This is part of a series of Q and As with leaders at news organizations. I asked leaders to think about the challenges they face in their news organizations and to share guidance and advice. Whether your news organization is small or large, a start-up or more than 100 years old, the issues are often the same. This series on managing change in a newsroom was funded by Democracy Fund. Subscribe to Democracy Fund’s Local Fix newsletter for more of the best writing, ideas, and tips for those working in local news in your inbox every Friday.
Gregory Favre was born in New Orleans and grew up working on the family newspaper in Bay St. Louis, Mississippi. He was assistant sports editor at the Atlanta Journal; managing editor at the Dayton Daily News; editor of the Palm Beach Post; editor of the Daytona Beach News-Journal; news director at WPLG-TV in Miami; editor of the Corpus Christi Caller-Times; managing editor of the Chicago Daily News and the Chicago Sun-Times; he served as executive editor of The Sacramento Bee from 1984 to 1998.
He was appointed vice president of news of The McClatchy Company in 1989 and retired from there in 2001 before becoming a distinguished fellow of journalism values at Poynter Journalism Institute until 2013. In 2015, he was the founding editor of CALmatters, a non-profit journalism venture headquartered in Sacramento.

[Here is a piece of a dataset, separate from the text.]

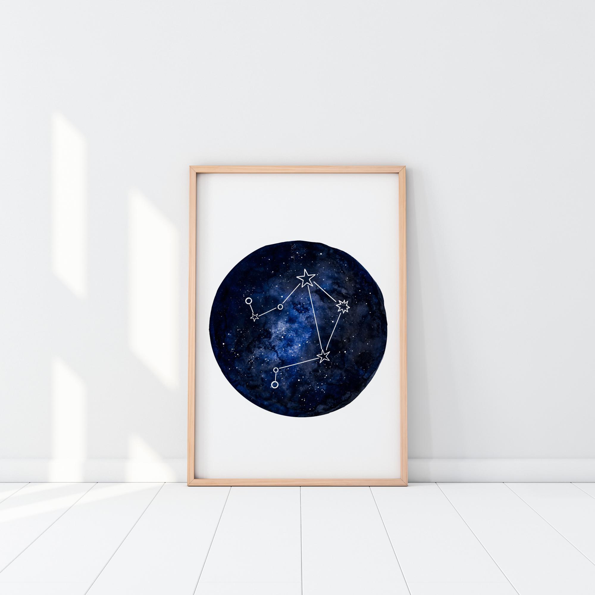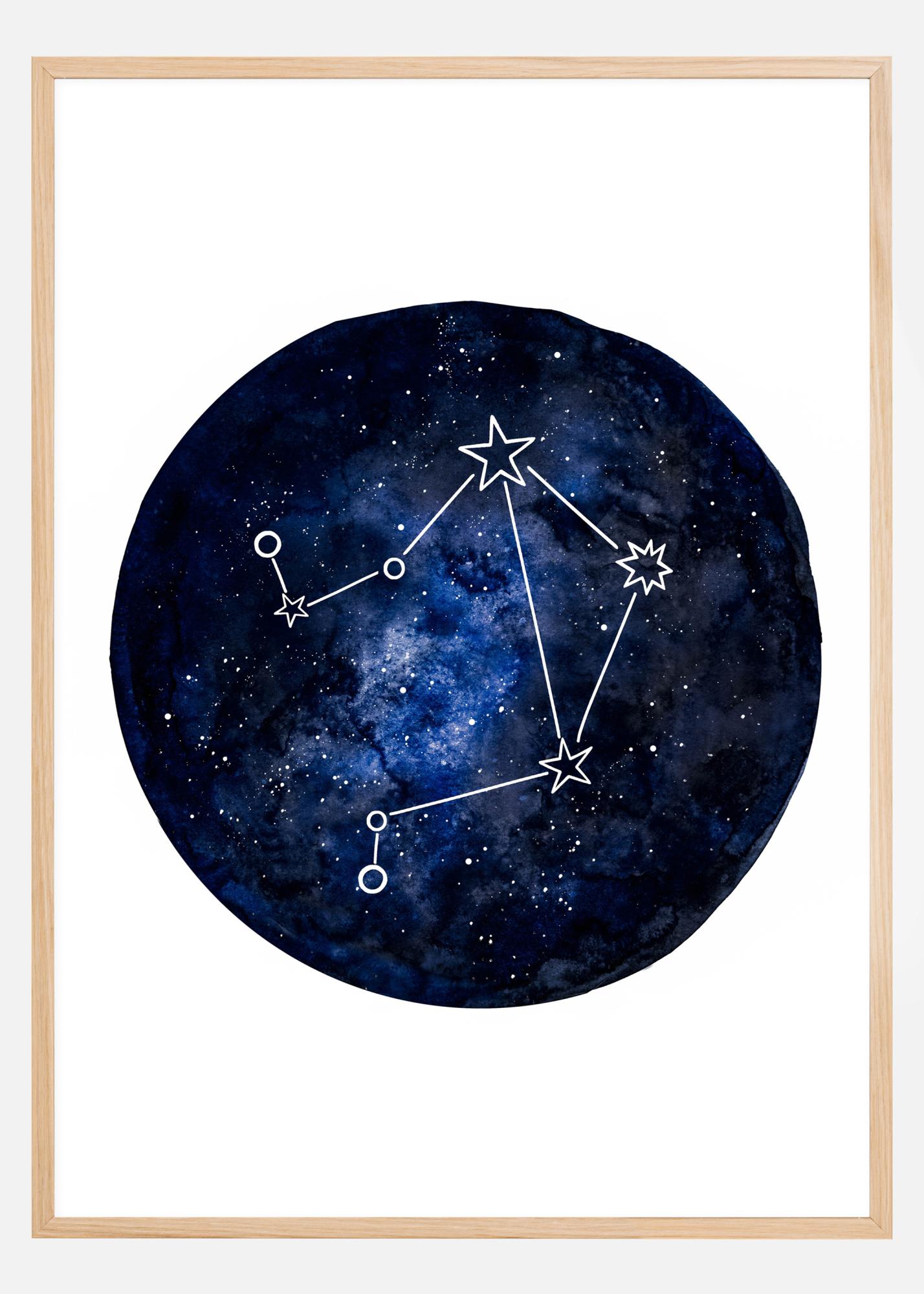 Eine kleinformatige astrologische Karte des Sternbilds Waage. Die dunkelblaue Karte auf weißem Hintergrund wird durch weiße Linien hervorgehoben, die das Sternbild der Waage umreißen. Ein ideales Geschenk für alle, die in diesem Sternzeichen geboren sind.

He now is editor of PolitiFact for Cap Public Radio in Sacramento and serves on the CALmatters board and on the board of a group of family-owned newspapers in Texas.
He is a past president of the American Society of Newspaper Editors and past president of the California Society of Newspaper Editors. In 1992, the California Press Association named him News Executive of the Year.
Change can be difficult for news organizations. What is one piece of advice you could give leaders of today’s news organizations?
Change is never easy, and that is especially true for journalists. And that is strange because our palette each day is filled with the elements of change. But we have to recognize, as Commander Spock once said, “Change is the essential process of existence.”
Related Training: Poynter Leadership Academy
I would tell leaders to drive the process of change and acceptance of the changes, but remember that the resistance you will encounter is not irrational because most of us fear change; be honest and realistic and inspire those you lead by making their work meaningful and get some early victories so they can celebrate their successes; model the behavior that you are asking of others; and maintain a sense of optimism, but deal in realism.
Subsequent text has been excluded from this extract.